Arrest and Transfer to Gikondo
Round-ups by police or officers from the District Administration Security Support Organ (DASSO), a local state security body, are often the first step toward arbitrary detention at Gikondo. The arbitrary nature of the detention is reflected in the complete absence of due process once people are taken to Gikondo. In most cases, detainees are held in various police stations or sector (local government) offices across Kigali before being transferred to Gikondo. None of the interviewees were taken before a judge or given access to a lawyer before being transferred to Gikondo.
Detention of Gay and Transgender People
The detention of transgender people at Gikondo was reported in the media in November 2020. The nine transgender or gay people interviewed by Human Rights Watch were detained at Gikondo between December 2020 and April 2021. They said they had been targeted due to their sexual orientation or gender identity and treated worse than other detainees.
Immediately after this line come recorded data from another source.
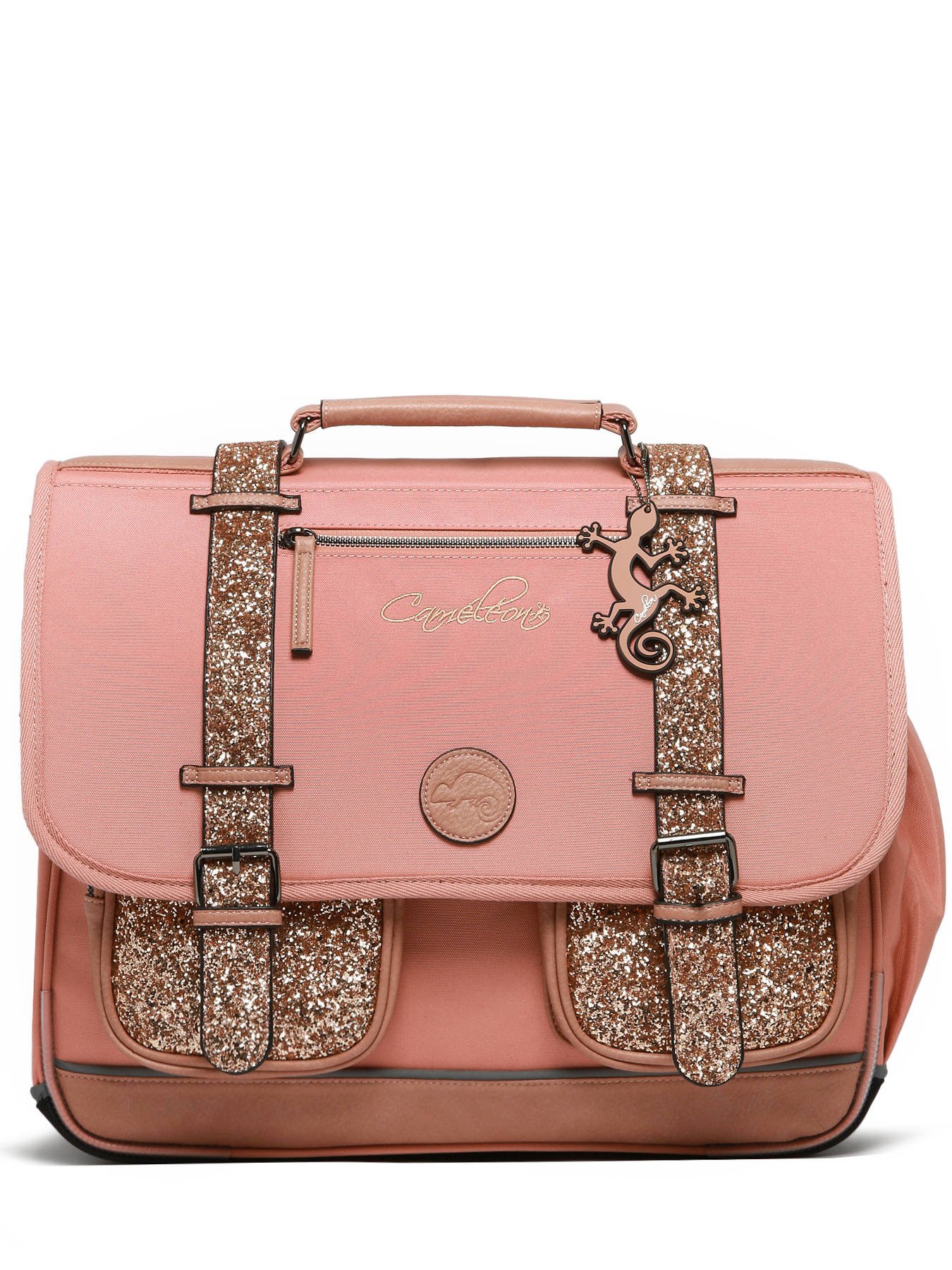 Deze schooltas uit de Vintage Fantasy collectie van het merk Caméléon heeft een breedte van 41 cm. Ideaal vanaf het 4de leerjaar! Dit model heeft een duidelijke vintage look, dankzij twee voorvakjes en de riempjes met gespen. De schooltas beschikt over drie ruime compartimenten, die schriften (24x32 cm), mappen en schoolboeken van A4 formaat kunnen bevatten. Onder de overslagflap bevindt zich ook een uniek opbergvakje, voorzien van een gratis liniaal. De twee kleine ritsvakjes vooraan zijn perfect om een snack of andere kleine spulletjes in te stoppen. Dit model beschikt ook over een naamlabel aan de achterzijde, en kan makkelijk gesloten worden dankzij een dubbel kliksysteem. Voor optimaal comfort zijn de rugzijde en schouderbanden extra gewatteerd. Dankzij enkele reflectoren kan uw kind zich ook veilig in het verkeer begeven. Vintage op z'n mooist!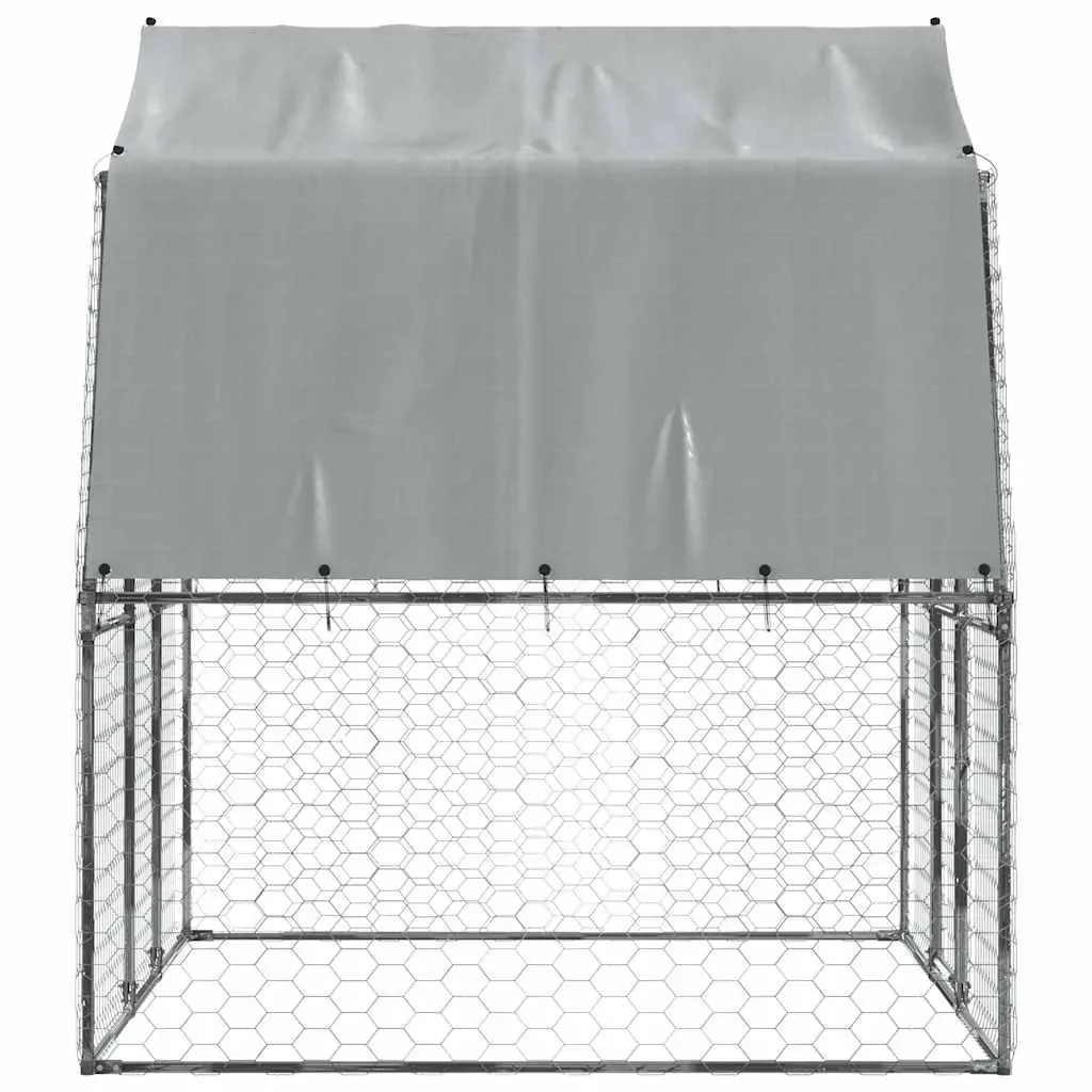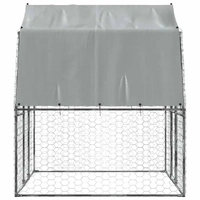 Keep your furry friends in a safe and comfortable space with this dog cage! Durable and sturdy frame: The dog cage is made of galvanised steel. Steel is an exceptionally hard and strong material. It offers sturdiness and stability. Galvanisation provides better protection against corrosion and is useful for products that'll be used outdoors as well as in harsh environments.Mesh design: The mesh design of the outdoor dog kennel helps prevent mischief and unexpected accidents while enabling ventilation.Water-resistant roof: The dog kennel has a polyethylene roof that is water-resistant and UV-resistant, providing protection from sun, rain, snow and other weather conditions.Ample activity room: The dog crate provides your dogs with ample activity room to walk around with ease. Besides, it is also suitable for other small animals such as birds, rabbits, ducks, geese, etc.Extra security: The hinged door with a lockable latch system of the walk in dog cage ensures extra security and safety for your furry friends.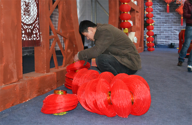 600個大紅燈籠高高掛——志愿者要經(jīng)過安燈、掛燈、試燈、調(diào)燈四個程序

Several said the police or local security officers detained them after members of the public reported seeing them with their partners and other lesbian, gay, bisexual, and transgender (LGBT) people, or wearing women’s clothing if they were perceived not to be female. At Gikondo, police officers or guards accused them of being homeless, thieves, or delinquents and held them in a room reserved for “delinquent” men. One 27-year-old transgender woman said:
They took me at Kabuga and said I was causing problems in Rwanda…. When I arrived, police asked why am I looking like this? Why am I looking like a girl? They asked: ‘Are you a prostitute?’ I said, ‘No, I am a Rwandan.’ They jailed me with other people who were [accused of being] thieves.
One said he was arrested in late December 2020, after leaving a bar in Nyamirambo neighborhood in Kigali: “When we were about to get on motorbikes, local patrol men came and asked us who we are and what we are doing here … they said we don’t represent Rwandan customs. My friend [a transgender woman] has long hair and was wearing a skirt.” Another former detainee was arrested by local security officials in February 2021 after kissing his same-sex partner in a bar. He said customers from the bar insulted them and called the security patrol, who took them straight to Gikondo transit center.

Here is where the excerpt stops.